See the layers of sediments in the first of these 2 photos? They were deposited on a memorably bad day. These sediments come from a cave found on the edge of the island of Sumatra, and all of that sand and silt above the scouring layer was deposited on December 26, 2004; the date of the great Sumatran Earthquake and tsunami.
Those sediments were deposited by the tsunami, but they’re not the only tsunami remnants in this cave. This cave sits very near the shoreline and until recent uplift it was actually underwater, so it has taken multiple hits from tsunami waves over the last few thousand years. This cave was discovered a few years ago by scientists from Nanyang Technological University in Singapore and using results from this cave they have constrained the behavior of the Sumatran megathrust going back nearly 10,000 years.
The modern tsunami wave has an erosional scour at its base and the sediments just below it are 2900 years old – probably the date the cave was uplifted out of the water. The tsunami waves in 2004 entered the cave in pulses and dropped sand in layers on the surface. After trenching at this site, the scientists found 11 similar sand deposits in the sequence at this site. Each of them has thin layers of fine marine silt and clay in-between, showing that the sequence was a rapid deposition of sand followed by a long period of slow sedimentation.
Each of these 11 sand deposits represents a tsunami wave. The scientists carbon dated the layer at the bottom of their trench and found it to be 7400 years old, giving a recurrence interval of 450 years between 7400 and 2900 years ago.
That average would seem to be a statement of how often the fault breaks, but the scientists looking at the layers also found that average number to be almost meaningless – the fault doesn’t care about the average. They found that several thin layers of sand were packed close together, with as many as 3 smaller tsunamis within a 100 year period and as long as 2200 years of no sand deposits after one of the largest tsunami waves.
There are other geologic records around the Indian Ocean like this showing repeating tsunami waves, but none has as many waves recorded as this site and none of them are detailed enough to show the clustering. This site indicates that the Sumatran fault sometimes breaks in small earthquakes that trigger small tsunami waves and then occasionally breaks in a rupture like 2004 where it produces a major wave. Although there are only a couple examples in this cave, it is after big events like the 2004 quake where the fault is quiet for over a thousand years; so one possible interpretation is that the Sumatran fault may take centuries or millennia to produce major waves again.

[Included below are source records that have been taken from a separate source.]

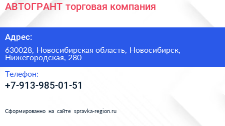 АВТОГРАНТ, торговая компания по адресу 630028, Новосибирская область, Новосибирск, Нижегородская, 280 в дальнейшем Организация, размещена в следующих категориях:
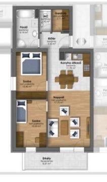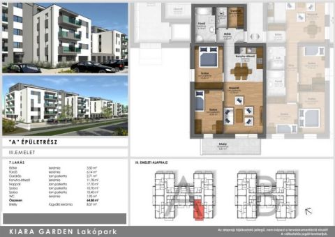 A hirdetésben szereplő lakás HARMADIK emeleti, nappali + 2 szobás, alapterülete 64,88 nm + 8,57 nm terasz tartozik hozzá.
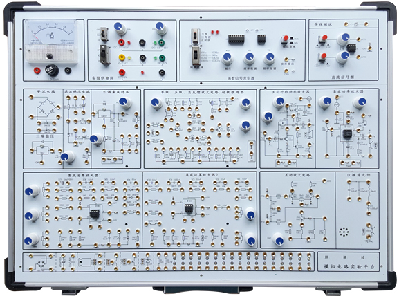 模擬電路實(shí)驗(yàn)箱由鋁木合金箱體、高性能線性電源、和實(shí)驗(yàn)電路板組成。其中實(shí)驗(yàn)電路采用固定功能模塊方式,電路原理和元器件符號(hào)清晰,實(shí)驗(yàn)用元器件可以焊裝在線路板的反面,安全可靠,不易損壞,也可以裝在線路板的正面,元件直觀可見(jiàn),感性認(rèn)識(shí)強(qiáng),正面還有實(shí)驗(yàn)電路原理圖,使學(xué)生在實(shí)驗(yàn)時(shí)對(duì)原理一目了然。
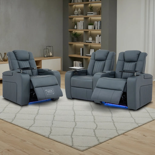 Real Leather 3+1 Recliner Cinema Sofa Set In Blue with Power Headrest, Power Recliner, Drop-Down. . .
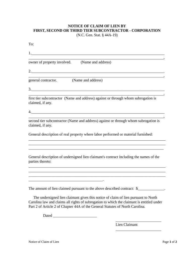What is a Notice Of Claim Subcontractor 1,2,or 3rd Tier Corporation Or LLC North Carolina?
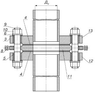 Изолирующее фланцевое соединение: 3, 4 — прокладки; 5 — втулка; 6 — шайба; 8 — винт; 9 — шпилька; 10 — гайка; 11, 12, 13 — фланец.
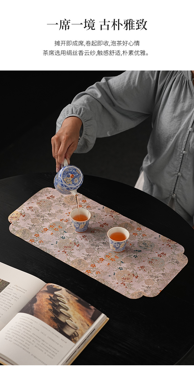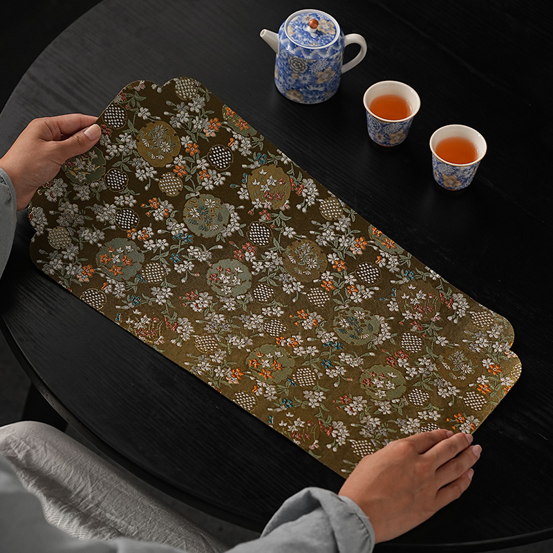 Двухсторонний чайный коврик с вышивкой из парчи дзен сухой коврик водонепроницаемый чайный коврик чайный стол чайный коврик кунг-фу чайный сервиз чайного сервиза
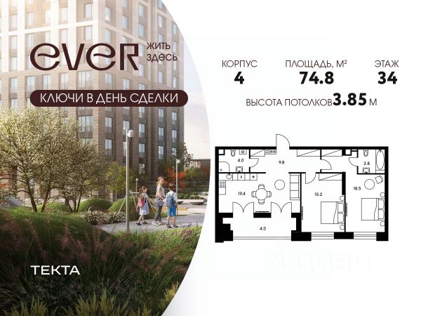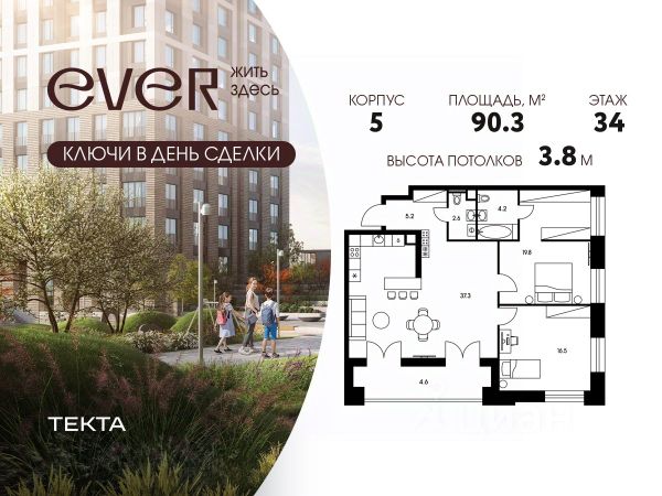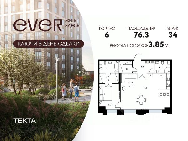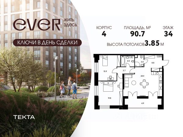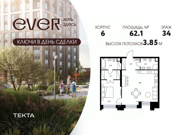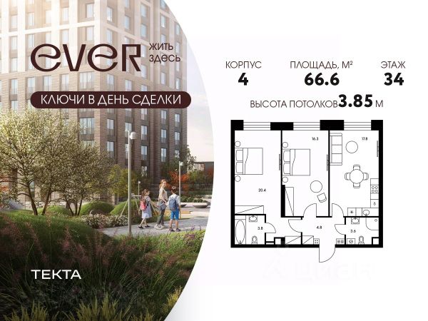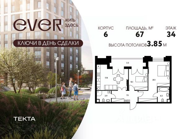 Рассрочка 0% с платежом от 120 000 ₽ в месяц. 3-комн. квартира в ЖК "Ever" на 34 этаже в 34 этажном здании Корпус 4. Общая площадь: 66.6 кв.м., жилая: 48.1 кв.м. Высота потолков 3.85 м. Top Floor — это пространство, которое сочетает в себе уникальный комфорт и элегантность. Увеличенная высота потолков создает ощущение простора и свободы, позволяя свету беспрепятственно заполнять каждый уголок. Здесь вы можете наслаждаться завораживающими панорамными видами на Сити, здание МГУ и Воронцовский парк, которые открываются из больших окон. Каждое утро вы встречаете, глядя на величественные силуэты, которые становятся частью вашего повседневного вдохновения. Город оживает перед вами, и каждый момент наполняется новыми впечатлениями. Утренние лучи солнца отражаются на стеклах, а вечерние огни создают атмосферу магии и уюта. Top Floor — это не просто место для жизни, это возможность наслаждаться атмосферой мегаполиса, оставаясь в уединении. Широкие пространства позволяют вам организовать интерьер по своему вкусу, а высокие потолки придают помещению особую элегантность. Вы можете создавать здесь уютную атмосферу для встреч с друзьями или просто наслаждаться уединением, наблюдая за жизнью города. Это место, где каждый день наполняется новыми красками и возможностями. Top Floor — ваш личный уголок, где царит гармония и комфорт, а виды на Москву становятся фоном для вашей жизни. Жилой комплекс EVER — это гармоничное сочетание динамики мегаполиса и умиротворенности природы. Всего семь минут неспешной прогулки отделяют вас от станции метро ""Калужская"", обеспечивая быстрый доступ ко всем преимуществам жизни в Москве. Вернувшись домой, вы попадаете в атмосферу спокойствия и комфорта. Продуманная инфраструктура комплекса включает в себя не только уютные квартиры, но и удобный подземный паркинг, избавляющий вас от хлопот с поиском места для парковки, а также индивидуальные кладовые помещения, где можно хранить все необходимое. В EVER вы найдете идеальное сочетание комфорта и удобства, позволяющее наслаждаться всеми преимуществами жизни в столице, не забывая о важности спокойствия и близости к природе.
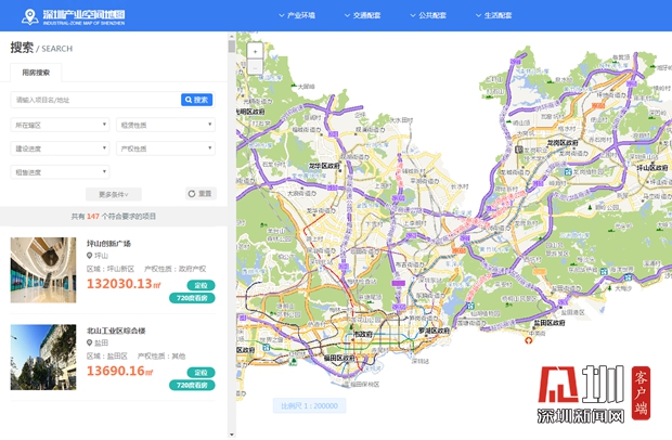 深圳产业空间地图相当直观实用,哪个区有合适的产业用房房源一目了然。
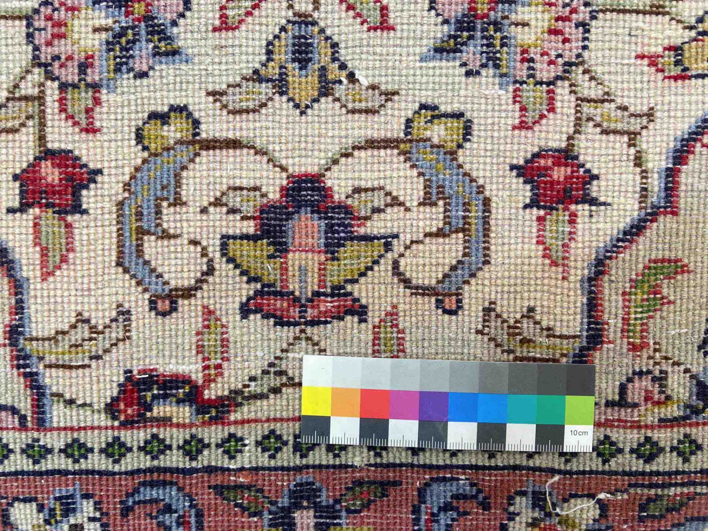 Dette tæppe består af håndspundet fåruld af højeste kvalitet. Især i Iran (tidligere Persien), Afghanistan og Pakistan spindes uld med hånden, før tæppet faktisk knuses. Uld har bevist sig som et naturligt og ekstremt slidstærkt materiale gennem århundreder. Det har blandt andet snavsafvisende og varmeisolerende egenskaber. Samtidig er uld uforlignelig blød og bringer en naturlig glans.
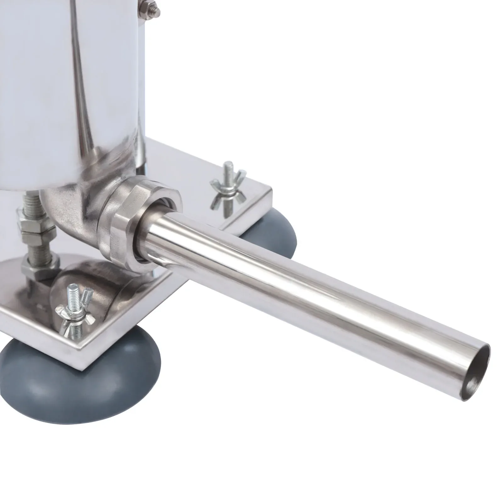 Stainless Steel Base: The base is made of stainless steel. Strong and durable stainless steel provides stable support for this manual sausage stuffer.
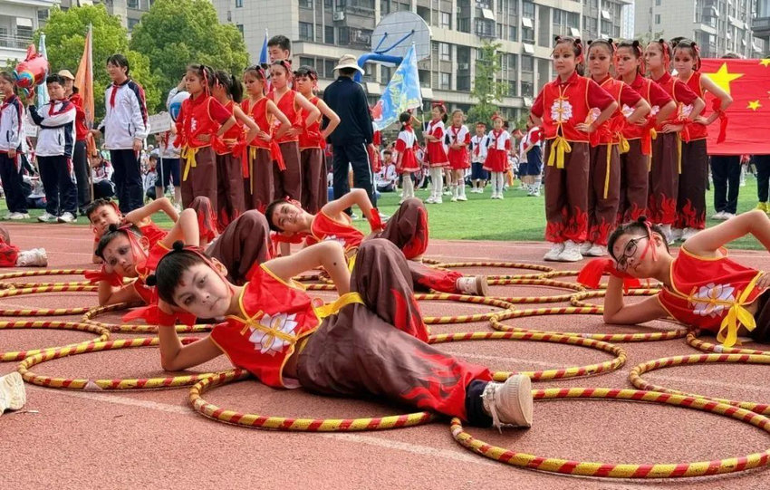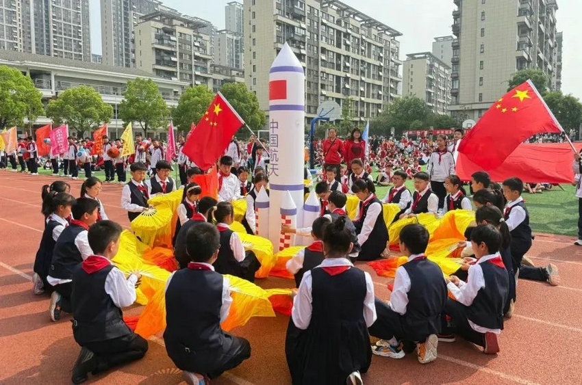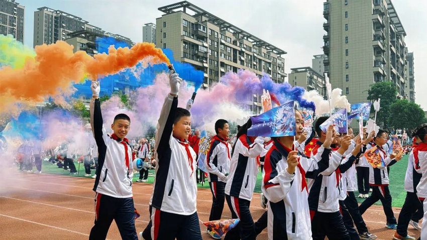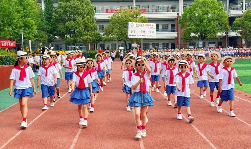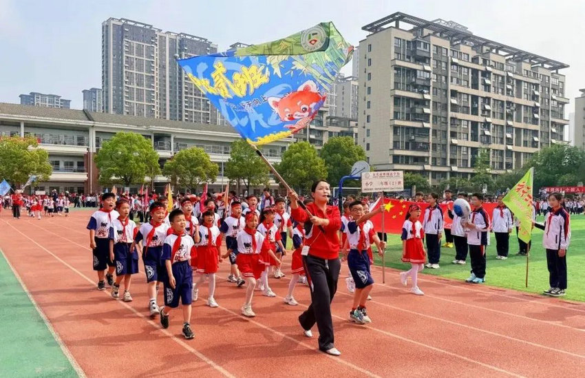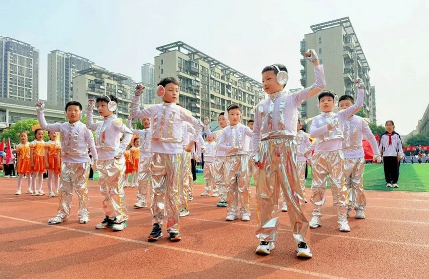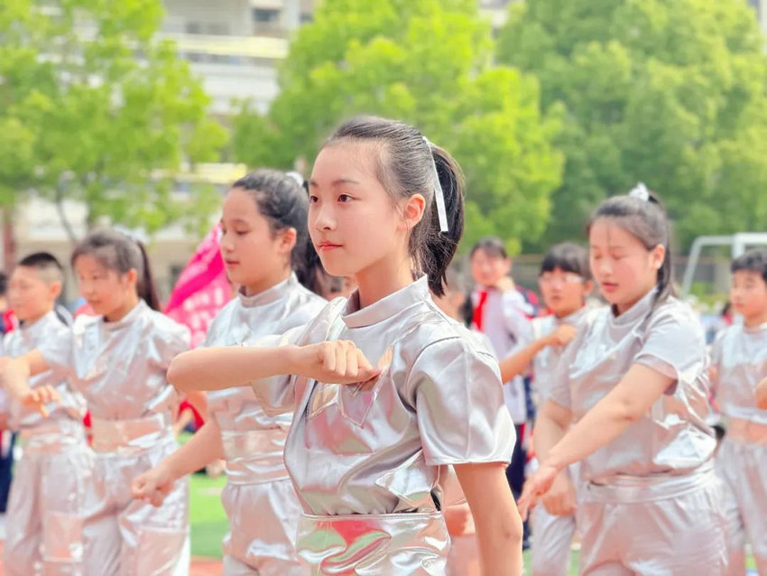 开幕式在激昂的入场仪式中拉开帷幕。国旗队与校旗队步伐铿锵,引领着彩球队、彩旗队、班级代表队和裁判员队依次入场。每个方阵都精神抖擞,尤其是年级特色方阵的孩子们,他们以“ai科技”为主题,用创意服饰、智能道具和动感音乐,在主席台前展示了精彩表演,引得全场掌声雷动。
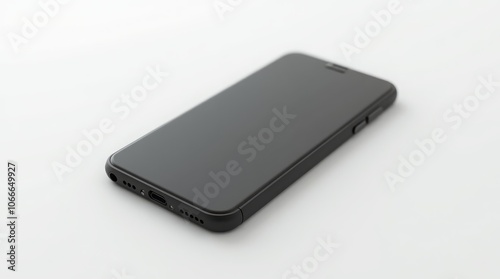 Black smartphone on a light surface, showcasing side and bottom ports, angled view
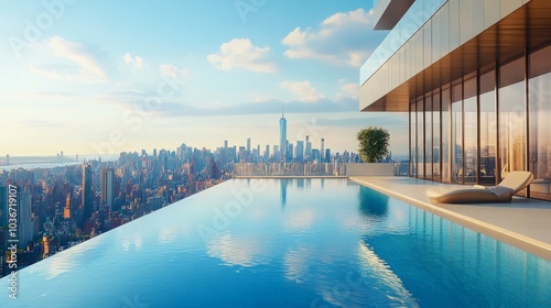 Fototapeta premium An elegant rooftop pool shimmering under the sunlight, overlooking the urban skyline
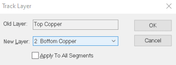 配線作業中、トラックをある層から別の層へレイヤ変更したい場合(表面から裏面に配線を移動させたいような場合)、<L>キーを押して<Enter>キーを押すだけで、これを行うことができます。<Enter>キーは、ダイアログの[OK]ボタンをクリックするのと同じように機能します。これにより、ダイアログを見ることなくレイヤを変更することができます。
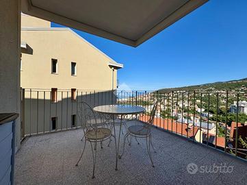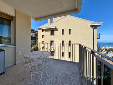 L' appartamento è composto da un ampio atrio d'ingresso che conduce al salone doppio con accesso diretto al terrazzo panoramico di circa 16mq, cucina separata e abitabile, una camera matrimoniale, due bagni finestrati e due camere singole; di cui una con balcone. Completa la proprietà un comodo spazio in soffitta comune.
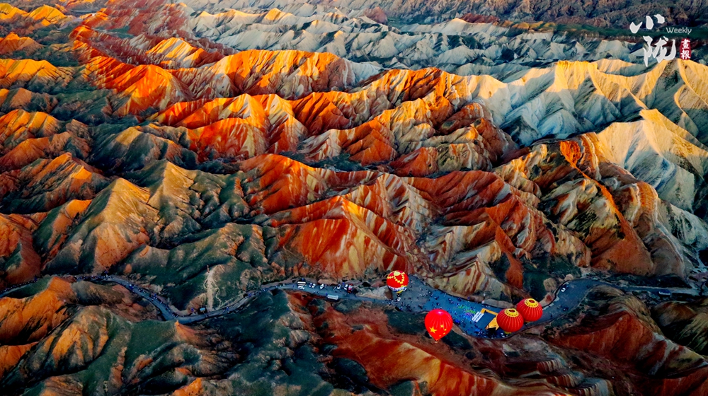 丹霞四季皆勝景,丹霞紅白相間的線條滑過橢圓形丘陵,宛如少女七彩裙擺處的流蘇,隨風搖曳,風情萬種。遠方低矮的彩色丘陵層層疊起,千姿百態(tài),雄渾壯麗,如隱藏在山谷中的萬千疑兵,引人無限遐想。
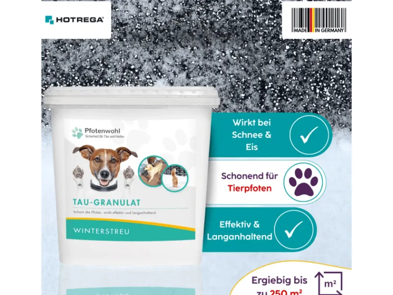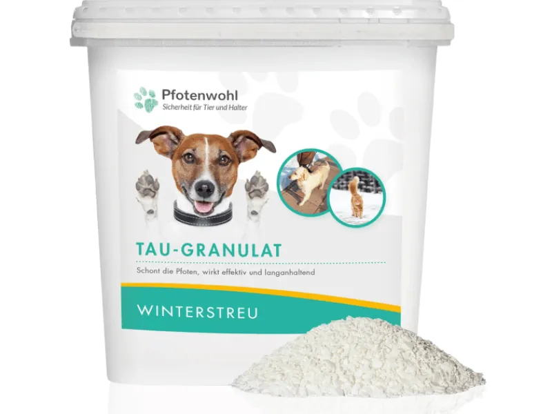 Pfotenwohl Auftaugranulat sorgt für eine zuverlässige Wirkung bei winterlichen Bedingungen. Beim Kontakt mit Schnee oder Eis entwickelt das Granulat kurzfristig Wärme – ähnlich einer leichten „Fußbodenheizung“. Dadurch lösen sich Eisflächen schnell und zuverlässig. Die besondere, schuppenförmige Struktur unterstützt eine gleichmäßige Verteilung und wirkt schonend zu Tierpfoten sowie zu typischen Bodenmaterialien wie Holz, Naturstein, Beton oder Kunststoff.

This behavior is similar to the behavior observed at the Cascadia Megathrust off of Oregon, Washington, and British Columbia. Evidence from landslides and turbidites off the coast suggests that the fault there may break in a rupture that triggers a magnitude 8 earthquake and tsunami waves, but then occasionally the entire fault breaks, triggering a massive magnitude 9+ quake and much larger wave (https://tmblr.co/Zyv2Js29RKOmF).
There are often press reports saying a fault is “overdue” based on analyses of how often the fault moves on average, but these types of studies show that type of calculation just doesn’t express the way major faults move. The size of the quakes and size of the fault that breaks changes over time, and the exact future behavior is extremely difficult to predict.
The Sumatran fault is guaranteed to produce another large quake and tsunami. It could be thousands of years, or it could literally be less than 100 years. The best guess from this cave is that the huge 2004 rupture means it will be millennia before it goes again, but that's not the lesson of this cave. There are areas in the cave with 3 quakes in less than 100 years, and we don’t know for certain there won’t be another one soon.
Rather than measuring a recurrence interval, the lesson of this cave is that these megathrusts are very complicated and we’ve only seen the tiniest window of their history, so if the fault decided to release another quake and tsunami 20 years from now or 2000 years from now, humans in the area can’t be surprised. That lesson isn’t one for just this site either; it’s a lesson for faults around the world.